1 comments

  • gkanellopoulos 6 hours ago

    Your gradual transition from v1 to v3 is a common pattern I've seen elsewhere. Project teams usually start with retrieval then face recall quality problems at which point they start wondering whether or not to let the LLM and its context window take over. This is a natural and instinctive approach but imho there are two issues with that approach. Firstly the LLM decides what matters and that decision is irreversible and secondly it does not scale well over time. A couple of months after when the user will ask "What did I ask you to remind me about X 3 months ago?" the summary might have rotated by then that detail out.

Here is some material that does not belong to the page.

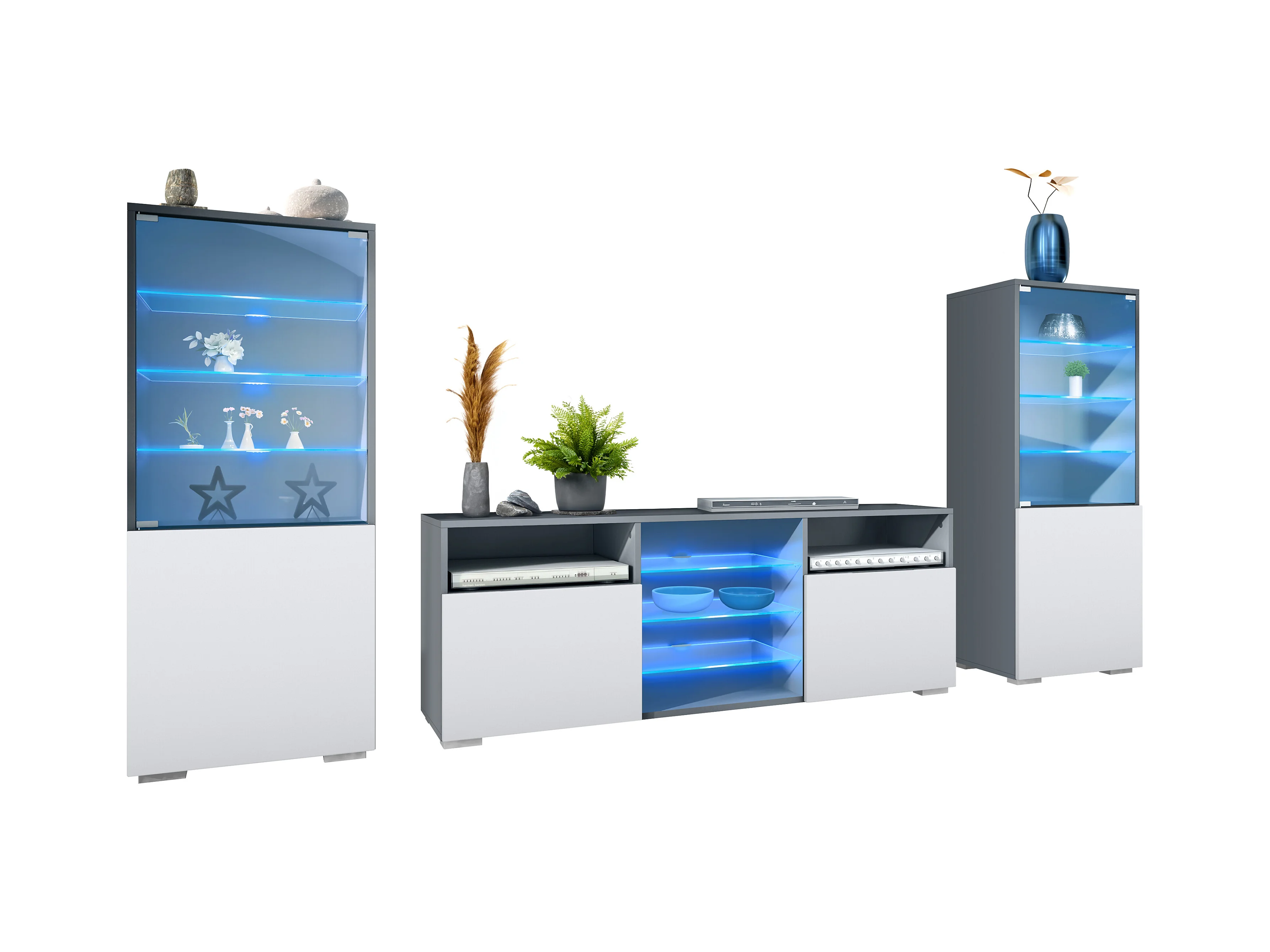 Ensemble mural Granada pour salon, comprenant 2 vitrines et 1 meuble TV, anthracite mat/blanc mat éclairage LED inclus (286 x 122,5 x 35 cm)

    I agree that there is a fundamental issue with v1-style retrieval but in my view is not the scoring formula but the fact that similarity search mixes semantically related with really valuable data. For example a memory about "surfing last weekend" and a memory about "wanting to surf one day in Hawaii" will both score high in the question "What outdoor activities do I like?". However, in the question "what did I do last weekend?" only one is useful while both will appear in the injected context. One way that might solve this issue is by introducing more retrieval dimensions like keyword-matching (BM25), entity-aware scoring and temporal signals in order to then determine which memories are truly relevant to the users question. This of course adds up during ingestion but in general, async ingestion is underrated. Generally speaking users expect near-instant responses while ingestion can be slower.

    If I may ask, have you done any benchmarking on the v3 approach? It would be interesting to see how a v3-style solution handles factual vs general preference questions. This usually is a tricky one for memory systems.